[Records from a dataset]
------------------------------
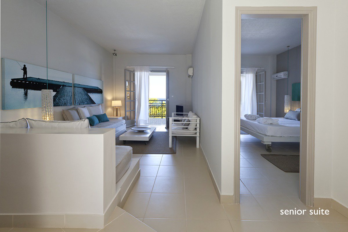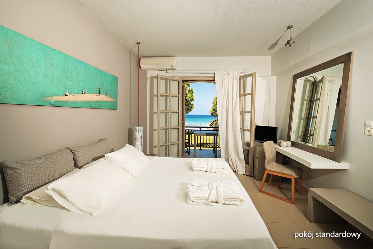 standardowy: 2-os. (możliwość 1 dostawki), ok. 25 m², elegancki, indywidualnie sterowana klimatyzacja, łazienka (wanna lub prysznic, wc; suszarka), telewizja satelitarna, telefon, sejf, mini bar (płatny); bezpłatne łóżeczko dla dziecka do 2 lat na zamówienie przed przyjazdem; balkon (stolik i krzesełka), widok na ogród; widok na morze za dopłatą; senior suite: 2-os. (możliwość 1 lub 2 dostawek dla dzieci), ok. 40 m², pokój dzienny i sypialnia, wyposażenie jak w pokoju standardowym, dodatkowo szlafrok i kapcie, internet bezprzewodowy, zestaw do kawy/herbaty; widok na ogród; widok na morze za opłatą; senior suite za dopłatą.
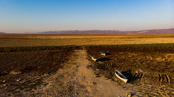 Küresel ısınma ve gölü besleyen kaynakların baraja dönüştürülmesi gibi nedenlerden dolayı kuruyan göl adeta çöle dönüştü.
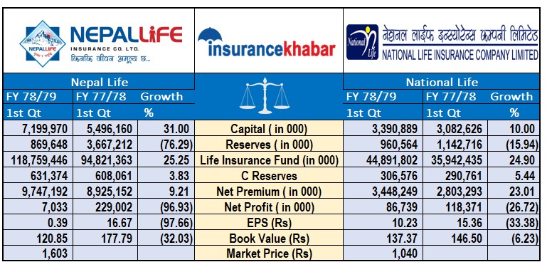 नेपाल लाईफ विगत लामो समय देखि एक नम्बरको जीवन बीमा कम्पनी रहँदै आएको छ भने केही समय यता नेशनल लाइफ आक्रामक रुपमा व्यापार गर्दै आएको छ । दुई जीवन बीमा कम्पनीले आर्थिक वर्ष ७८/७९ को प्रथम त्रैमासको वित्तिय विवरण सार्वजनिक गरेको छन् । दुई कम्पनी हेर्दा नेपाल लाइफको व्यवसाय ठूलो छ भने नेशनल लाइफको व्यवसाय वृद्धि दर राम्रो देखिन्छ। दुई जीवन बीमा कम्पनीलाई दाँजेर हेर्दा :
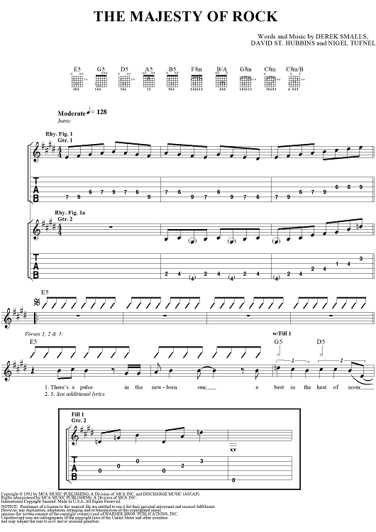 Digital Sheet Music for The Majesty of Rock by Spinal Tap, Nigel Tufnel, David St. Hubbins, Derek Smalls scored for Guitar Tab/Vocal; id:119468
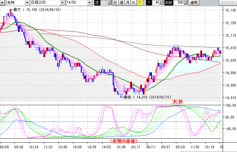 指標ラインの密集点が天底・転換点を示します。指標の見方
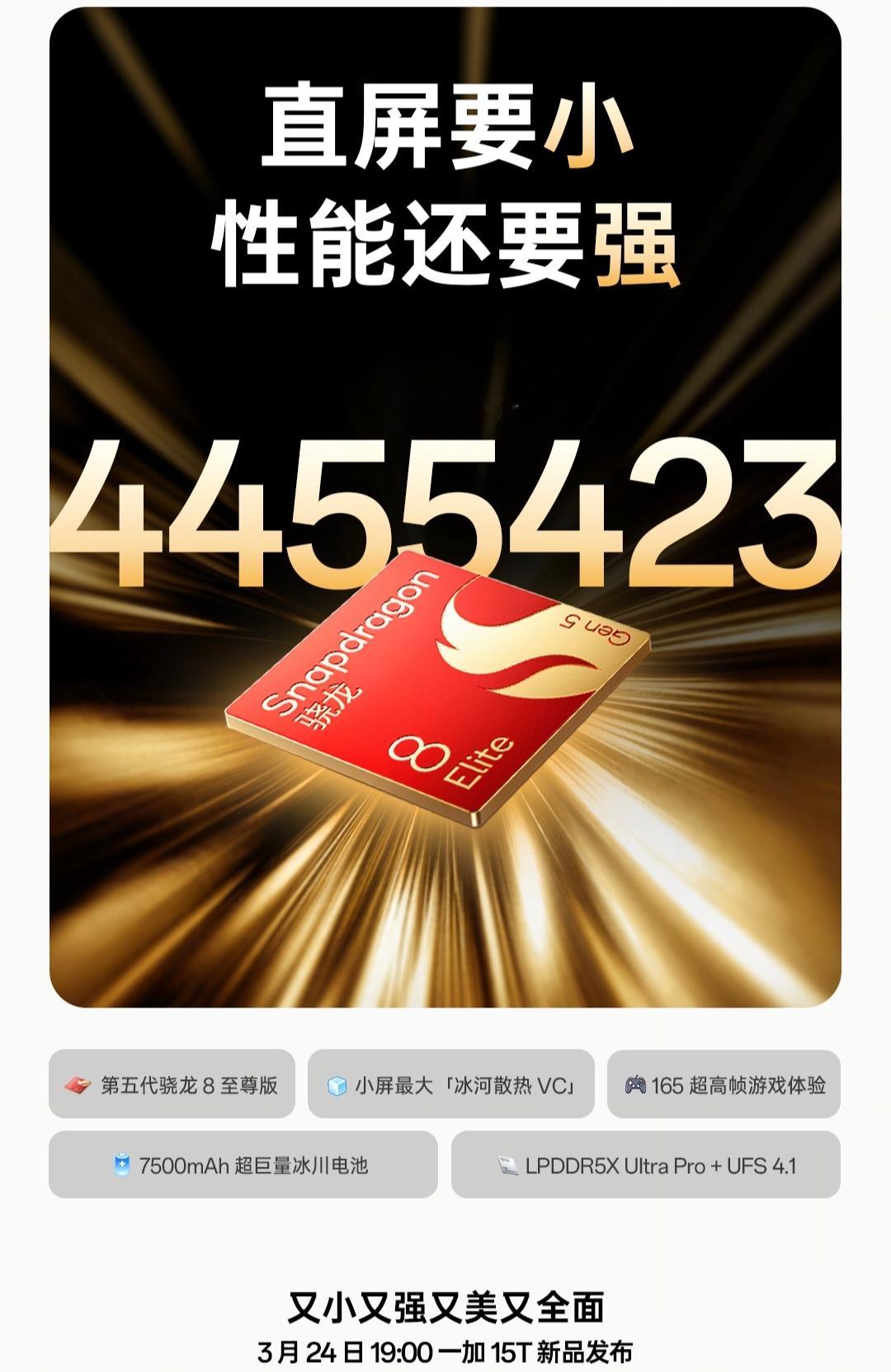 一加15T,6.32英寸,194g,第五代骁龙8跑分445W,还有7500mAh大电池,怎么想一个小尺寸也塞不下这么多神配置啊。这么强的小屏机?第一反应:我不相信会有这样的手机,一加不会在忽悠我吧。这么满的配置,下一代怎么卷,我都替他们着急。
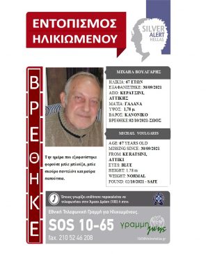 Βρέθηκε σώος από πολίτη που είχε δει το SILVER ALERT
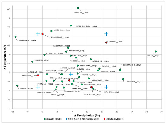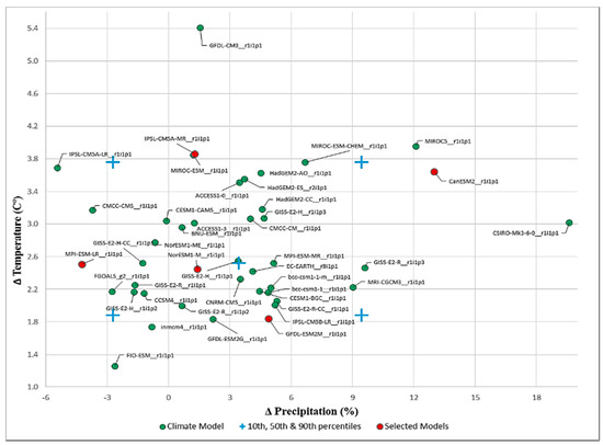 It is worth mentioning that the range of projections for ΔT and ΔP for the RCP8.5 model pool was much larger than for the RCP4.5 model pool. For the latter, more extreme RCP, ΔP ranges from −5.42% to 19.56%, and ΔT ranges from 1.26 °C to 5.41 °C; while for the former (RCP4.5), these ranges are much higher, with ΔP ranging between −12.01% and 35.12% and ΔT between 1.48 °C and 8.57 °C.
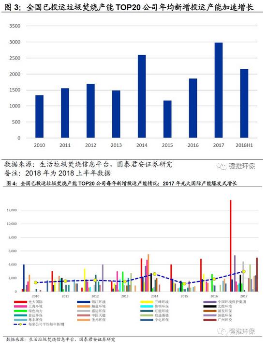 全國(guó)已投運(yùn)垃圾焚燒產(chǎn)能TOP20公司年均新增投運(yùn)產(chǎn)能加速增長(zhǎng):TOP20公司年均新增產(chǎn)能2011年為1339噸/日,到2017年為2981噸/日,僅2018年上半年就達(dá)2155噸/日,產(chǎn)能加速投放趨勢(shì)明顯。
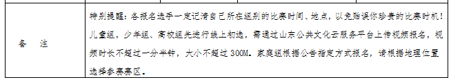 第十四届全省读书朗诵大赛儿童组、少年组、高校组网上初选活动由山东省文化和旅游厅主办,山东省图书馆联合全省各市图书馆承办。参赛作品体裁为诗歌、散文、小说等,内容积极健康向上。特别注意儿童组、少年组、高校组实行线上报名初选,线下决赛的形式。家庭组直接报名至分赛区,详细报名方式如下。
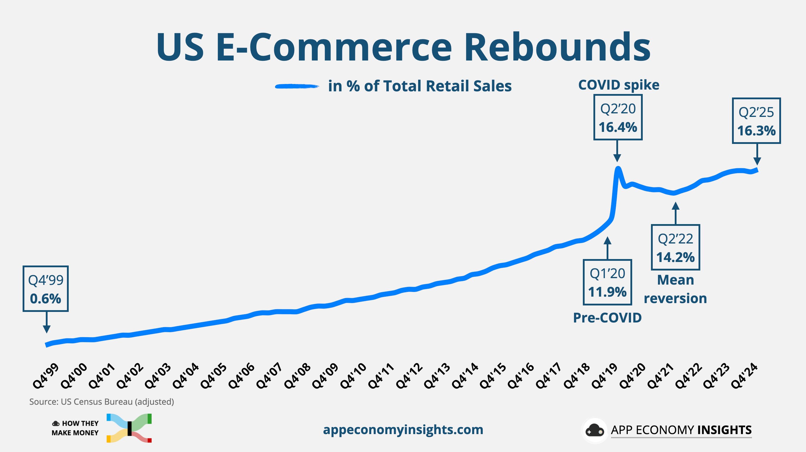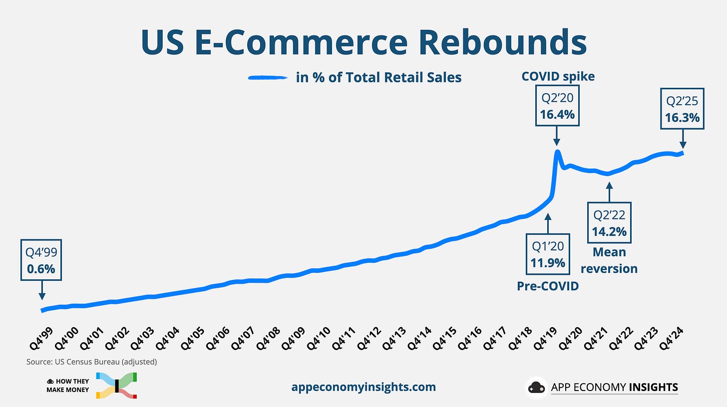 The context: In Q2 2025, US e-commerce hit $304 billion, growing 5% year-over-year. That pushes its share of total retail sales to 16.3%, nearly erasing the "mean reversion" from the last few years and closing in on the all-time high set during 2020's lockdowns. With this momentum, e-commerce could easily hit a new record this holiday season.
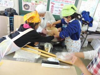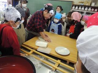 2月23日【火】参観日の日に4年生が、自分たちで育てたそばでそば打ち体験活動を行いました。地域の方からそばのこね方や切り方などを学び、お母さん方と一緒につくりました。
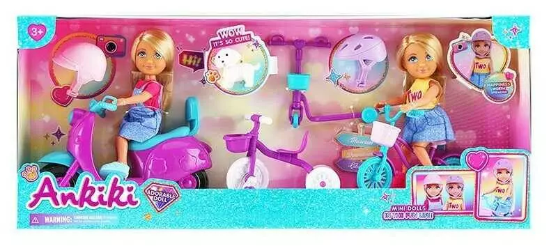 Набір ляльок 606119 (24) 2 ляльки, висота: 13 см, фігурка улюбленця, 2 велосипеди, самокат, скутер, в коробці
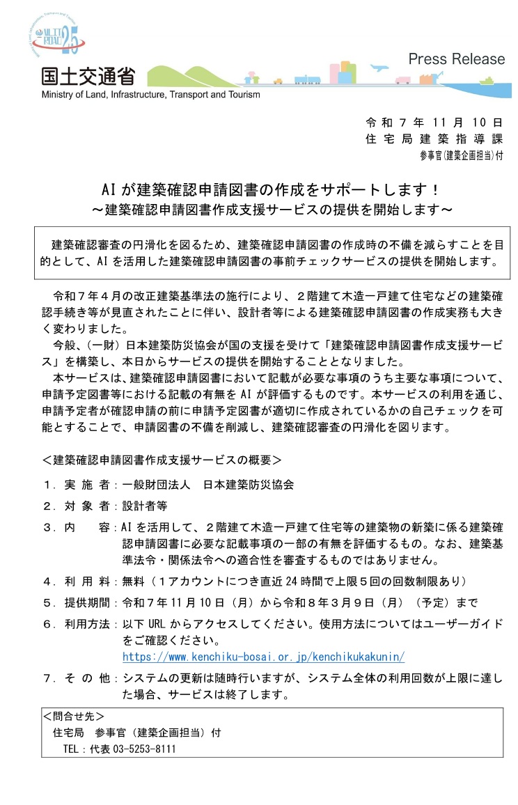 AIが建築確認申請図書の作成をサポートします!(国土交通省からのお知らせ)
------------------------------
**Work task:**
Return the entries above in full and unchanged, omitting every image.

**Reply:**
 standardowy: 2-os. (możliwość 1 dostawki), ok. 25 m², elegancki, indywidualnie sterowana klimatyzacja, łazienka (wanna lub prysznic, wc; suszarka), telewizja satelitarna, telefon, sejf, mini bar (płatny); bezpłatne łóżeczko dla dziecka do 2 lat na zamówienie przed przyjazdem; balkon (stolik i krzesełka), widok na ogród; widok na morze za dopłatą; senior suite: 2-os. (możliwość 1 lub 2 dostawek dla dzieci), ok. 40 m², pokój dzienny i sypialnia, wyposażenie jak w pokoju standardowym, dodatkowo szlafrok i kapcie, internet bezprzewodowy, zestaw do kawy/herbaty; widok na ogród; widok na morze za opłatą; senior suite za dopłatą.
 Küresel ısınma ve gölü besleyen kaynakların baraja dönüştürülmesi gibi nedenlerden dolayı kuruyan göl adeta çöle dönüştü.
 नेपाल लाईफ विगत लामो समय देखि एक नम्बरको जीवन बीमा कम्पनी रहँदै आएको छ भने केही समय यता नेशनल लाइफ आक्रामक रुपमा व्यापार गर्दै आएको छ । दुई जीवन बीमा कम्पनीले आर्थिक वर्ष ७८/७९ को प्रथम त्रैमासको वित्तिय विवरण सार्वजनिक गरेको छन् । दुई कम्पनी हेर्दा नेपाल लाइफको व्यवसाय ठूलो छ भने नेशनल लाइफको व्यवसाय वृद्धि दर राम्रो देखिन्छ। दुई जीवन बीमा कम्पनीलाई दाँजेर हेर्दा :
 Digital Sheet Music for The Majesty of Rock by Spinal Tap, Nigel Tufnel, David St. Hubbins, Derek Smalls scored for Guitar Tab/Vocal; id:119468
 指標ラインの密集点が天底・転換点を示します。指標の見方
 一加15T,6.32英寸,194g,第五代骁龙8跑分445W,还有7500mAh大电池,怎么想一个小尺寸也塞不下这么多神配置啊。这么强的小屏机?第一反应:我不相信会有这样的手机,一加不会在忽悠我吧。这么满的配置,下一代怎么卷,我都替他们着急。
 Βρέθηκε σώος από πολίτη που είχε δει το SILVER ALERT
 It is worth mentioning that the range of projections for ΔT and ΔP for the RCP8.5 model pool was much larger than for the RCP4.5 model pool. For the latter, more extreme RCP, ΔP ranges from −5.42% to 19.56%, and ΔT ranges from 1.26 °C to 5.41 °C; while for the former (RCP4.5), these ranges are much higher, with ΔP ranging between −12.01% and 35.12% and ΔT between 1.48 °C and 8.57 °C.
 全國(guó)已投運(yùn)垃圾焚燒產(chǎn)能TOP20公司年均新增投運(yùn)產(chǎn)能加速增長(zhǎng):TOP20公司年均新增產(chǎn)能2011年為1339噸/日,到2017年為2981噸/日,僅2018年上半年就達(dá)2155噸/日,產(chǎn)能加速投放趨勢(shì)明顯。
 第十四届全省读书朗诵大赛儿童组、少年组、高校组网上初选活动由山东省文化和旅游厅主办,山东省图书馆联合全省各市图书馆承办。参赛作品体裁为诗歌、散文、小说等,内容积极健康向上。特别注意儿童组、少年组、高校组实行线上报名初选,线下决赛的形式。家庭组直接报名至分赛区,详细报名方式如下。
 The context: In Q2 2025, US e-commerce hit $304 billion, growing 5% year-over-year. That pushes its share of total retail sales to 16.3%, nearly erasing the "mean reversion" from the last few years and closing in on the all-time high set during 2020's lockdowns. With this momentum, e-commerce could easily hit a new record this holiday season.
 2月23日【火】参観日の日に4年生が、自分たちで育てたそばでそば打ち体験活動を行いました。地域の方からそばのこね方や切り方などを学び、お母さん方と一緒につくりました。
 Набір ляльок 606119 (24) 2 ляльки, висота: 13 см, фігурка улюбленця, 2 велосипеди, самокат, скутер, в коробці
 AIが建築確認申請図書の作成をサポートします!(国土交通省からのお知らせ)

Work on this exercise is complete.